Set down, please, exactly the lines below that run from the line with "Рис. 50. Предметы" to the line with "Pro připojení flexibilních", both lines included.

§ **Stored data**:
::::

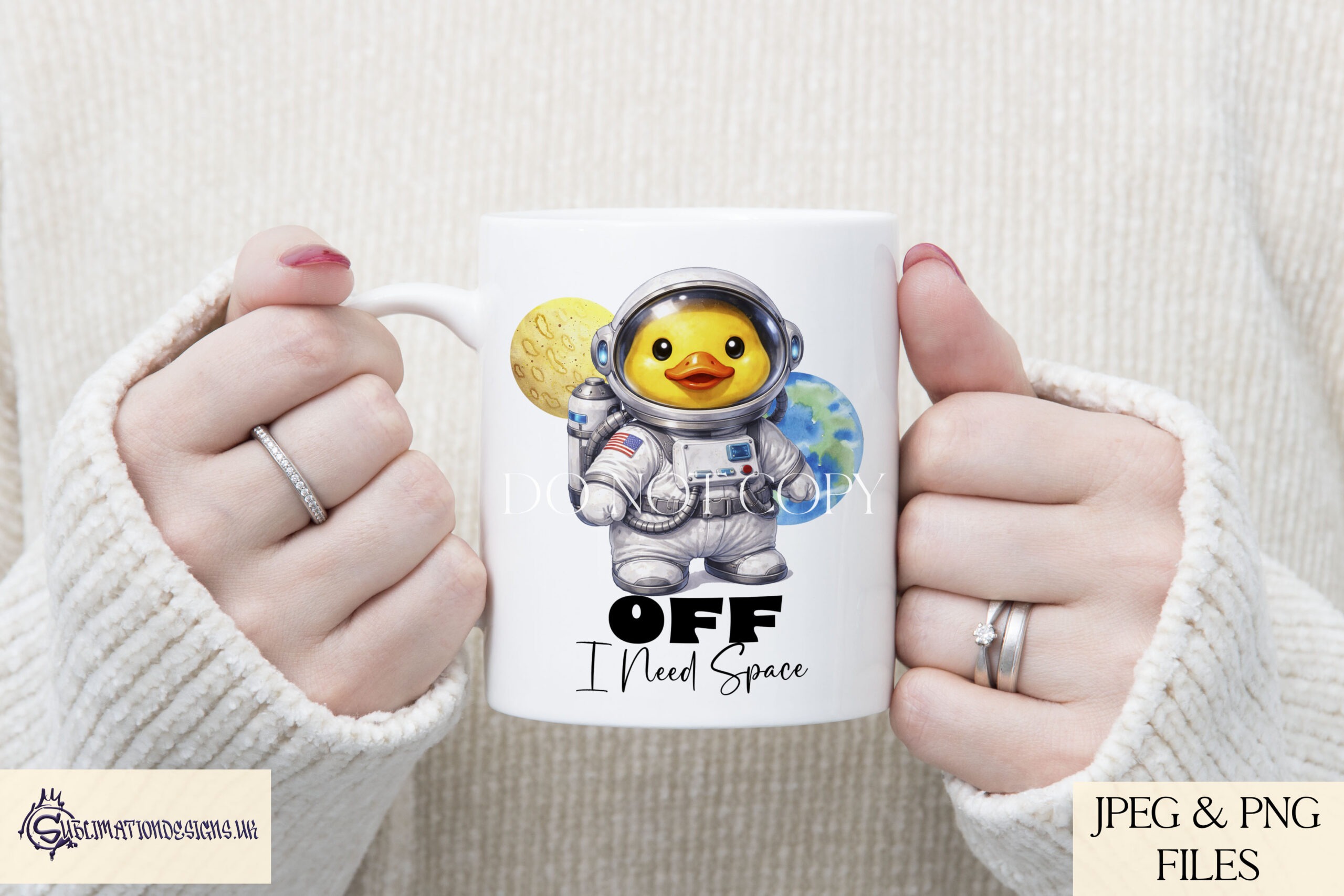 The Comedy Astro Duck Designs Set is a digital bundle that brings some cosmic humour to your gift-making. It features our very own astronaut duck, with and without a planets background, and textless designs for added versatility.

::::

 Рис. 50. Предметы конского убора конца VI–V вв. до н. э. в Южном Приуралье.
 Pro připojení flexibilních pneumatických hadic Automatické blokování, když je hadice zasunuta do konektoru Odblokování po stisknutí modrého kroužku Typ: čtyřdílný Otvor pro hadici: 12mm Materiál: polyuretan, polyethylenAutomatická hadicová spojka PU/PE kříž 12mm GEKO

::::

§ **Expected output**:
 Рис. 50. Предметы конского убора конца VI–V вв. до н. э. в Южном Приуралье.
 Pro připojení flexibilních pneumatických hadic Automatické blokování, když je hadice zasunuta do konektoru Odblokování po stisknutí modrého kroužku Typ: čtyřdílný Otvor pro hadici: 12mm Materiál: polyuretan, polyethylenAutomatická hadicová spojka PU/PE kříž 12mm GEKO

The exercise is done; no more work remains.